### Requirement
The required output is the exact run of lines below that opens at the line with "Ceramic tile with" and closes at the line with "Автобус состоит из".

### Input records
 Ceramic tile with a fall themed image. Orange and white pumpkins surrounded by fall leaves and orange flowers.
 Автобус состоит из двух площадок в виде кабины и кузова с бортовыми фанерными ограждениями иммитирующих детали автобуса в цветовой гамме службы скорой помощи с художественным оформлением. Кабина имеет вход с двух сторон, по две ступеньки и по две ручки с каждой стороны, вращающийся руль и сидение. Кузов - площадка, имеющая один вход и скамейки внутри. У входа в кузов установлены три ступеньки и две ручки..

---

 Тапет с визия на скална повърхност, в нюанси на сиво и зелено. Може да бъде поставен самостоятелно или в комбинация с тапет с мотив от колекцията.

* * *

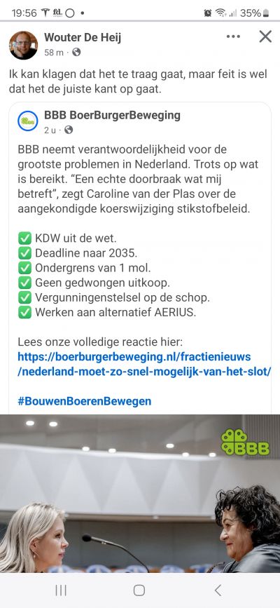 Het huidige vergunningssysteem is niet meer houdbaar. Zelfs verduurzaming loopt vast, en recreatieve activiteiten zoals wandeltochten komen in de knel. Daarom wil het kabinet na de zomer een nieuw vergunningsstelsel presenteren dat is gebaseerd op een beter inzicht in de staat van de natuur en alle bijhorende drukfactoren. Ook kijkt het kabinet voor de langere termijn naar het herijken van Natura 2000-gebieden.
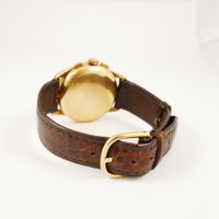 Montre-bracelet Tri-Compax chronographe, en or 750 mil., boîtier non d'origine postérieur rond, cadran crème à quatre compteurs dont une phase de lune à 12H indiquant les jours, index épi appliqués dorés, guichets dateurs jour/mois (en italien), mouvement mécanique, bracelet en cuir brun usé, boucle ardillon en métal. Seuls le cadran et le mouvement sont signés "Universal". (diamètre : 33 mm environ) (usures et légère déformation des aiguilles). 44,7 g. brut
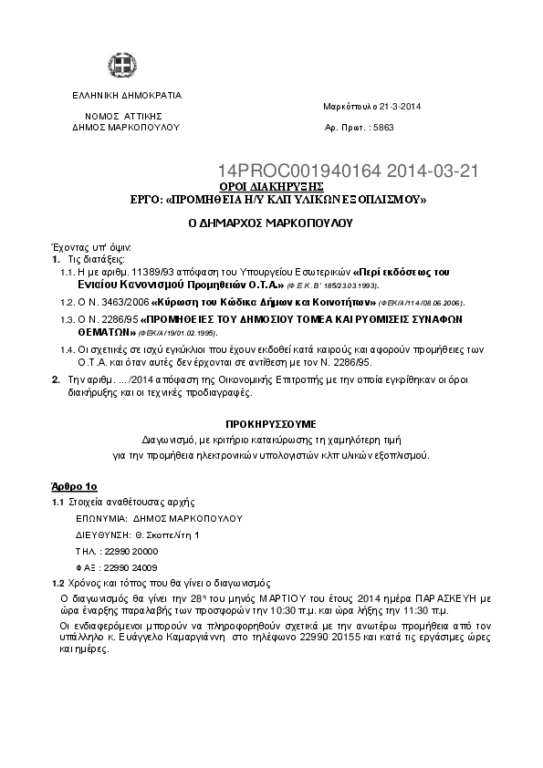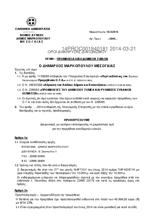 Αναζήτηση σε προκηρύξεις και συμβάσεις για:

### Response box
 Ceramic tile with a fall themed image. Orange and white pumpkins surrounded by fall leaves and orange flowers.
 Автобус состоит из двух площадок в виде кабины и кузова с бортовыми фанерными ограждениями иммитирующих детали автобуса в цветовой гамме службы скорой помощи с художественным оформлением. Кабина имеет вход с двух сторон, по две ступеньки и по две ручки с каждой стороны, вращающийся руль и сидение. Кузов - площадка, имеющая один вход и скамейки внутри. У входа в кузов установлены три ступеньки и две ручки..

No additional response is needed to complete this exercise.